═════ Available records
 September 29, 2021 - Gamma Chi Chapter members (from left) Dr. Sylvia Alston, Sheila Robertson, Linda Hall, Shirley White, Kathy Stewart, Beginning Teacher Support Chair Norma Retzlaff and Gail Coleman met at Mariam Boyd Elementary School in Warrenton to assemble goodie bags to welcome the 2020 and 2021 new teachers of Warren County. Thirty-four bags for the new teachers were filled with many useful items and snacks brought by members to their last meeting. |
══════════
═════ Available records
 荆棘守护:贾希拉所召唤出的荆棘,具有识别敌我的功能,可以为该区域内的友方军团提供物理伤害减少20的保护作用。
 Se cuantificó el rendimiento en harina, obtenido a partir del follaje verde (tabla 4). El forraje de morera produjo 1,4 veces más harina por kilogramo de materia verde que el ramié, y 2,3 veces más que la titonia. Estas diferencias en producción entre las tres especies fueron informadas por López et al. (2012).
══════════
Above are the records; repeat exactly the lines from the one holding "荆棘守护:贾希拉所召唤出的荆" down to the one holding "Se cuantificó el", end lines included.

 荆棘守护:贾希拉所召唤出的荆棘,具有识别敌我的功能,可以为该区域内的友方军团提供物理伤害减少20的保护作用。
 Se cuantificó el rendimiento en harina, obtenido a partir del follaje verde (tabla 4). El forraje de morera produjo 1,4 veces más harina por kilogramo de materia verde que el ramié, y 2,3 veces más que la titonia. Estas diferencias en producción entre las tres especies fueron informadas por López et al. (2012).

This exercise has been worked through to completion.